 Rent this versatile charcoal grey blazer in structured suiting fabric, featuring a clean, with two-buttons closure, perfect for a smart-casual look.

-----

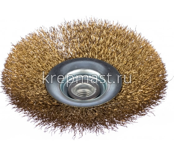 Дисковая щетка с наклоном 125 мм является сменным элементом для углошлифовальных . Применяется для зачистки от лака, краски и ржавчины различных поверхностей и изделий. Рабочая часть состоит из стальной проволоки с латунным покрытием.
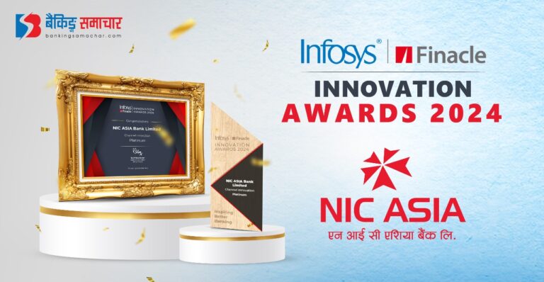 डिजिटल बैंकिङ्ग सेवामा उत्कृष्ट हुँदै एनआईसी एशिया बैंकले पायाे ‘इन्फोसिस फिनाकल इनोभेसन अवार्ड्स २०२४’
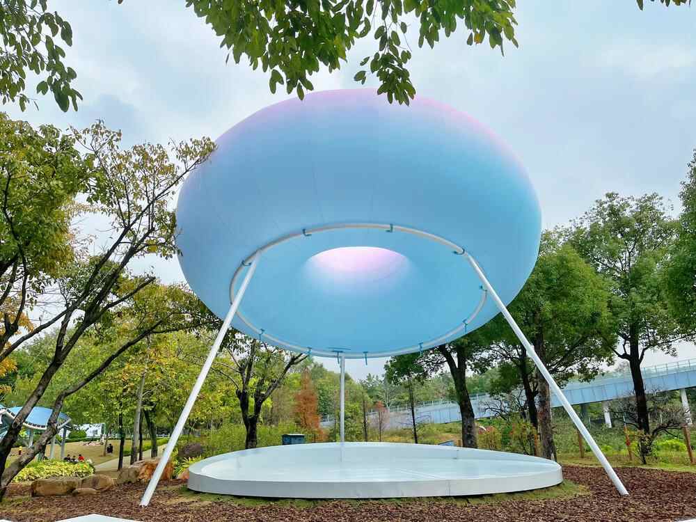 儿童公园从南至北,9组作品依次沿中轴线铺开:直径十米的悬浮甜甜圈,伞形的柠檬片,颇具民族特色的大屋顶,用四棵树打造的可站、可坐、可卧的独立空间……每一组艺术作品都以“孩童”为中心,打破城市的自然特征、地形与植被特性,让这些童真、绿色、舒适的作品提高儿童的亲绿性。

-----

- What the task requires -
Using the material above, reproduce only the lines that run from the line with "Дисковая щетка с" up to and including the line with "儿童公园从南至北,9组作品依", exactly, with the pictures dropped.

- Solution to the exercise -
 Дисковая щетка с наклоном 125 мм является сменным элементом для углошлифовальных . Применяется для зачистки от лака, краски и ржавчины различных поверхностей и изделий. Рабочая часть состоит из стальной проволоки с латунным покрытием.
 डिजिटल बैंकिङ्ग सेवामा उत्कृष्ट हुँदै एनआईसी एशिया बैंकले पायाे ‘इन्फोसिस फिनाकल इनोभेसन अवार्ड्स २०२४’
 儿童公园从南至北,9组作品依次沿中轴线铺开:直径十米的悬浮甜甜圈,伞形的柠檬片,颇具民族特色的大屋顶,用四棵树打造的可站、可坐、可卧的独立空间……每一组艺术作品都以“孩童”为中心,打破城市的自然特征、地形与植被特性,让这些童真、绿色、舒适的作品提高儿童的亲绿性。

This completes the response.